### [Work order]
Please write out exactly the lines from the one with "1米85的体验者坐进比亚迪海" through the end of the data below, both ends included, and omit any pictures.

### [Data block]
__________________________________________________
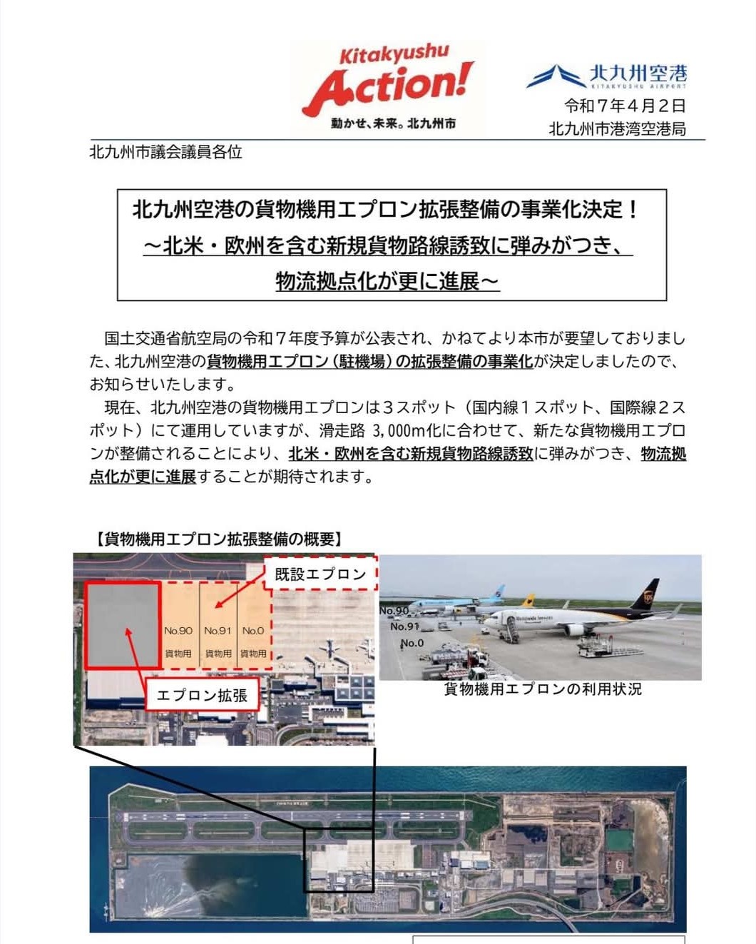 北九州市の要望に基づいて委員会質疑や質問主意書で私が取り上げてきた、北九州空港の貨物機用エプロン拡張整備の事業化が令和7年度予算に盛り込まれ、ついに決定しました。
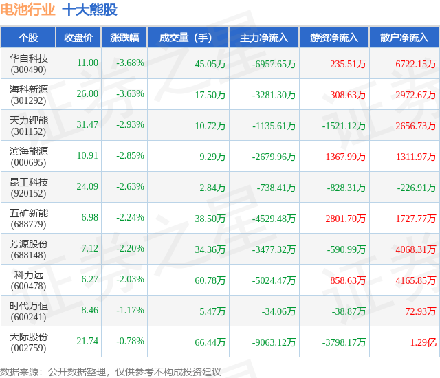 个股表现方面,电池行业当日领跌股为华自科技(300490),该股当日报收11.0,下跌3.68%,成交量45.05万,主力资金净流出6957.65万元。海科新源(301292)以下跌3.63%紧随其后,该股当日成交量17.5万,主力资金净流出3281.3万元。除此之外,天力锂能(301152)、滨海能源(000695)、昆工科技(920152)均进入当日熊股之列。具体个股列表见下表:
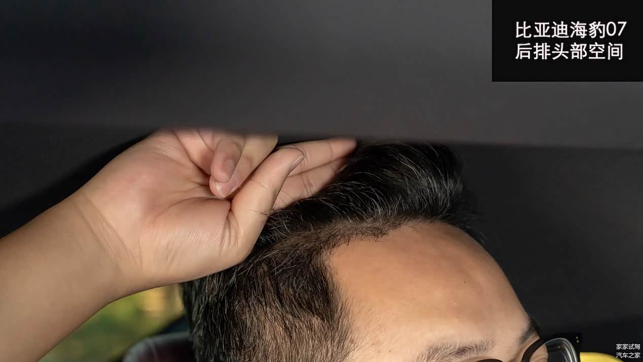 1米85的体验者坐进比亚迪海豹07DM-i后排,头部空间为两指,腿部空间则只有一拳。
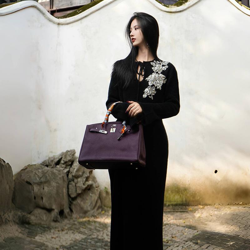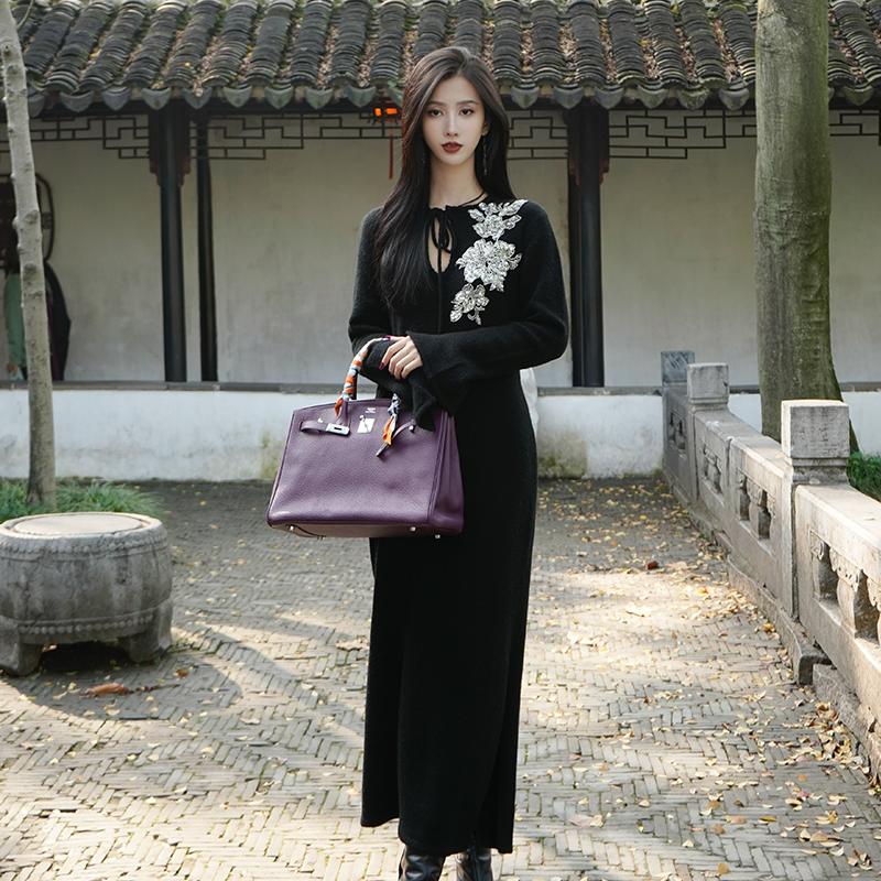 玛瑙黑羊毛针织重工珠片刺绣连衣裙 新中式 澄渔高定 琉璃如羡
__________________________________________________
### [Reply]
 1米85的体验者坐进比亚迪海豹07DM-i后排,头部空间为两指,腿部空间则只有一拳。
 玛瑙黑羊毛针织重工珠片刺绣连衣裙 新中式 澄渔高定 琉璃如羡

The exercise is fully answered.